検事だって人間だ。巨悪に対して憤り、事件が潰れれば涙する。彼らと盃を交わし、ときには出禁処分を受けてでも食らいつく。元エース記者が見た「最強の捜査機関」特捜部と国税庁の実像と虚像。

金丸の体がぐらりと揺れた

'93年3月6日夜。一報が入ったとき、全身に電撃が走った。自民党副総裁だった金丸信の脱税容疑による逮捕。田中角栄の衣鉢を継ぐ政界最大の実力者だった。

私は当時、中日新聞社(東京新聞)の社会部デスクを担当していた。しかし、この逮捕は寝耳に水だった。すべてのメディアが完全に検察に出し抜かれたのである。私は急いで取材体制を整え、検察担当、事件遊軍、国税担当に連絡して、あちこち走らせた—。

検察は権力の総本山のような、唯我独尊の「ガラパゴス集団」だ。自分たちが「絶対正義」であると信じ、ときには権力を振りかざして事件に取り組む。記者としてその姿を目の当たりにしながら、他紙と「抜いた、抜かれた」のつばぜり合いを繰り広げ、特ダネを狙う日々。その中で見たのは検察・国税と被疑者との攻防や、検事らの使命感、そして葛藤だった。その様子を『検察・国税担当 新聞記者は何を見たのか』(講談社刊)にまとめた。一部を紹介する。

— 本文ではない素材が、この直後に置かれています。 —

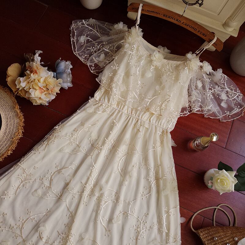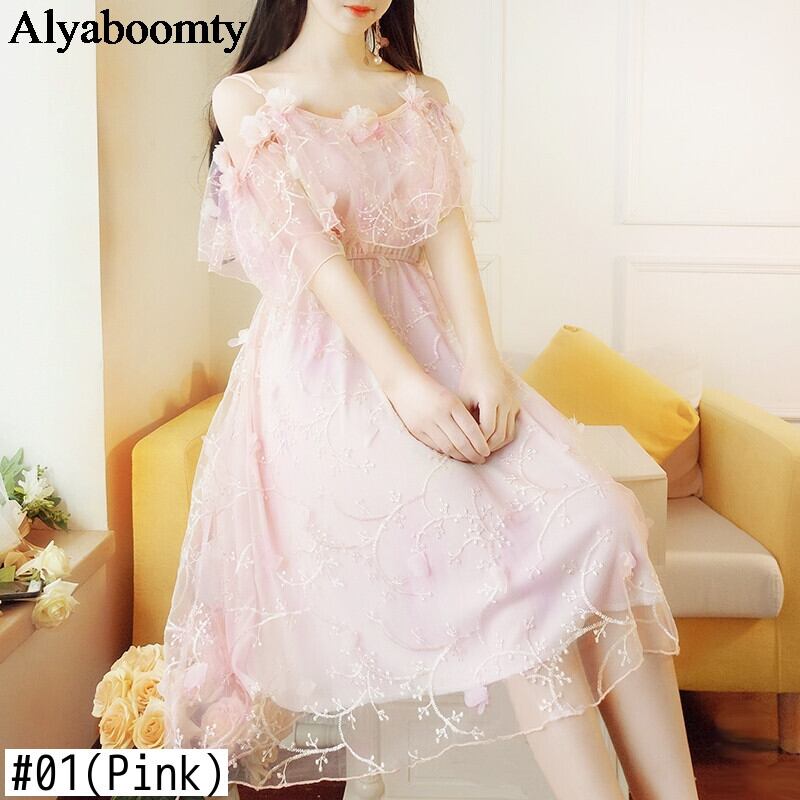送料無料୨♥୧ 2021甘いサマーレディースパーティードレス スラッシュ首ピンクアプリコットロマンチック妖精花弁sleeeゴージャスシックフローラルドレス ワンピース AOS26356131201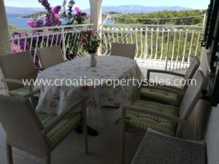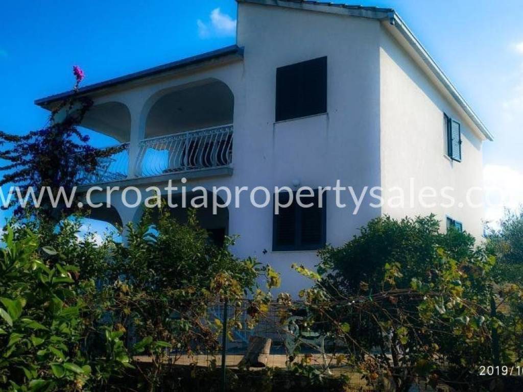 Samostojeća kuća na dvije etaže sa pogledom na more.Svaka etaža ima 55 m2, plus terasa od 25 m2 i sastoji se od dvije spavaće sobe, kupaonice, dnevnog boravka i kuhinje sa blagovaonicom.Pripadaju joj još i dva podruma, svaki po 20 m2.Dva parkirna mjesta se nalaze na parceli, vrt i dvor sa tušem i roštiljem.Kuća je udaljena od mora samo 70 tak metara, a lijepa plaža je udaljena 100 m.

金丸脱税事件に至る前、検察は断崖絶壁に立たされていた。前年の夏、東京佐川急便の元社長側から5億円の献金を受領した金丸を略式起訴したが、処分は罰金20万円のみ。国民は不満を露にし、検察庁舎にペンキが投げつけられた。検察は権威を失いつつあった。

脱税捜査の唯一の手がかりは、国税調査官の発見した割引金融債乗り換えのチャートだった。当時の国税庁幹部が話す。

「亡くなった金丸さんの奥さんの相続や事務所経費などにおかしな動きがあった。そこで調査にかかると、割引金融債が出てきたんです」

東京地検特捜部長だった五十嵐紀男は、国税からの情報に一条の光を見出して、極秘捜査に乗り出した。そして、確信にいたったという。

「政治資金ではなく、割引債に変えた個人蓄財だった。所得申告をしていないから脱税に問える」

金丸聴取にあたった特捜部副部長の熊崎勝彦は、こう核心に迫った。

「先生、もう大人のままごと遊びはやめましょう。割引金融債をお持ちですよね」

金丸の体がぐらりと揺れた。弁解録取で金丸は、「所得の申告はしていなかった」と容疑を認めた。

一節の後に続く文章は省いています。